When will it end?
On Sunday night, as many of the metro’s residents wound their way back to the city after a long weekend unwinding in the provinces, and many more choked the malls and thoroughfares to enjoy the few hours remaining before the resumption of regular work yesterday, their week wrapped up with yet more news of successive killings in the past 24 hours: one man shot dead in Tayuman, and three more in Muntinlupa, Quezon City and Mandaluyong.
The latter incident involved a former chief prosecutor and barangay captain who was riddled with bullets while in his car, along with his family, by motorcycle-riding gunmen at 10 a.m., a hectic hour of the day on Mandaluyong’s dense Nueve de Febrero.
Needless to say, in all these incidents, the killers got away scot-free.
When will it end? Is there even any point in once again lamenting the utter breakdown in peace and order that all these brazen killings indicate?
It’s well past due for the police to insist, as they did at the beginning of this administration’s war on drugs, that many of the vigilante murders taking place were the handiwork of criminal syndicates trying to eliminate each other.
Even if that were so, ensuring that the streets didn’t descend into mayhem among panicked criminal gangs is basically the police’s job — one that, with an estimated 13,000 deaths later, it has clearly failed to do.
The investigation part is an even more dismal figure. Of the thousands of cases of extrajudicial killings, how many have reached resolution, let alone seen the perpetrators caught and charged in court?
The fresh killings last Sunday will no doubt share the fate of similar previous incidents: buried and all but forgotten. Unless, of course, the victim happened to be a minor, the brutality was caught on CCTV, and there was sufficient public outcry — as in the case of the 17-year-old Kian delos Santos, in which case a jolted Malacañang could move with remarkable speed to try to tamp down the outrage with a promise to mete out swift justice for the boy, and having Kian’s parents in a photo op with the President.
It’s safe to say no such Malacañang visits are forthcoming for the kin of other recent EJK victims; expecting a quick resolution of their cases is even more of a pipe dream, with the Department of Justice reportedly swamped with a mounting backlog of some 4,000 more cases on top of the 10,000 cases Secretary Vitaliano Aguirre claims to have inherited upon assuming office 14 months ago.
This means that “the DOJ failed to resolve 333 cases every month, or 14 cases for each of 293 working days, since June 30, 2016,” according to a report in this paper.
Aguirre blames the lack of prosecutors for the backlog, saying the department is in need of about 1,000 of them to fill the gap.

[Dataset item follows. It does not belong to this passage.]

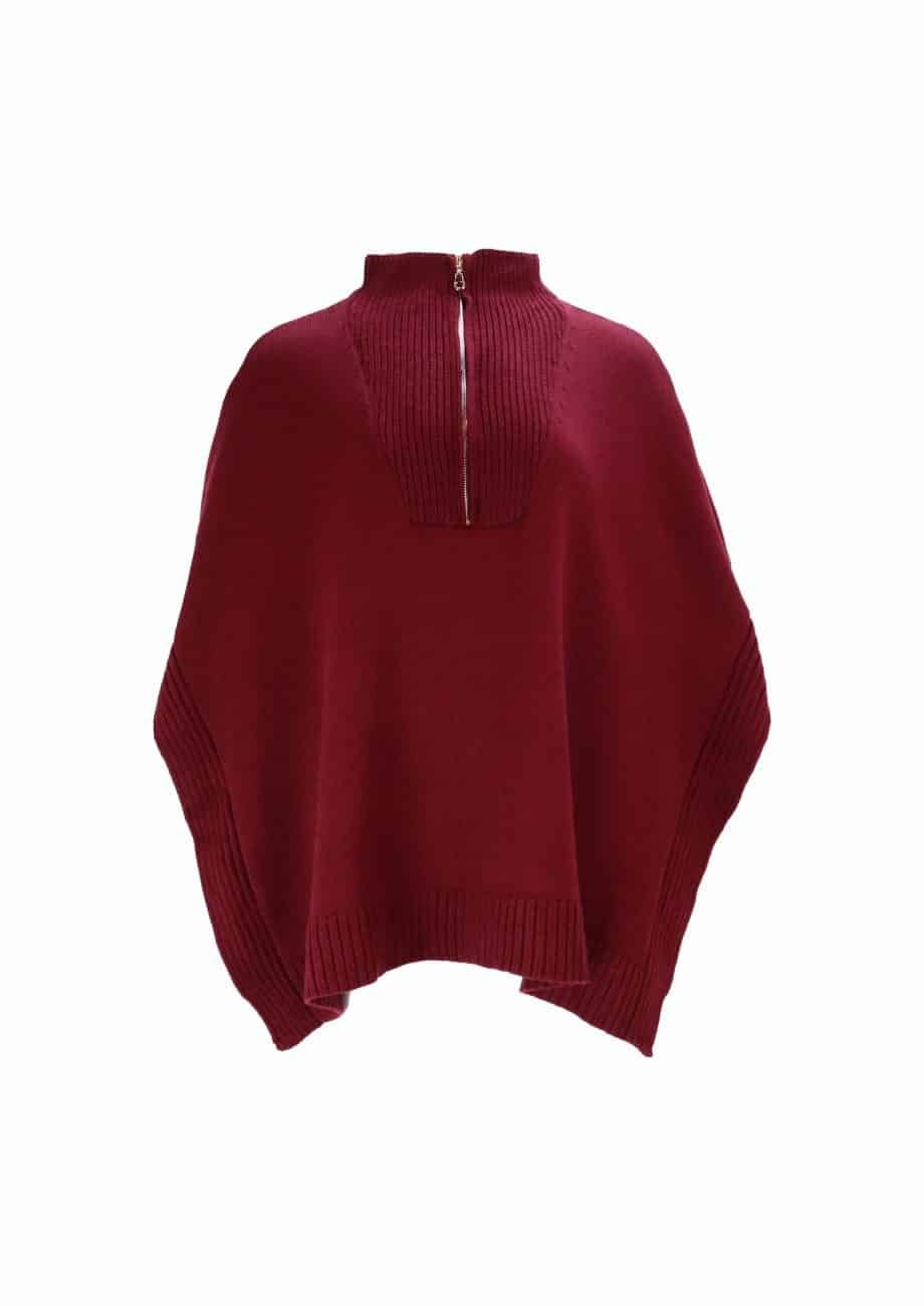 Mot. pončas, vyšninės spalvos, aukšta apykaklė, užtraukiama užtrauktuku, megzto rašto.

Many DOJ personnel are already assigned to the highly political cases that Aguirre likes wading into, especially when it concerns perceived non-allies: the cases against Sen. Leila de Lima, for instance, or the charges of unexplained wealth against Commission on Elections Chair Andres Bautista.
The sensational police killings occasioned by the war on drugs — such as the kidnapping and murder of Korean businessman Jee Ick-joo right inside Camp Crame; the apparent rubouts of suspected drug lords Rolando Espinosa and Reynaldo Parojinog; and, most recently, the death, allegedly from a shootout, of fugitive Iloilo drug suspect Richard Prevendido — must also weigh heavily on investigators’ desks.
Assuming, of course, that these cases are indeed being worked on toward a just end. What has in fact happened to the policemen implicated in the truly heinous crimes against the Korean businessman Jee Ick Joo? Or, further back, the telltale case of cops caught and found moonlighting as vigilantes riding tandem in Mindoro?
Whether by neglect or willful design, it’s a reign of impunity out there, and it shows no signs of abating.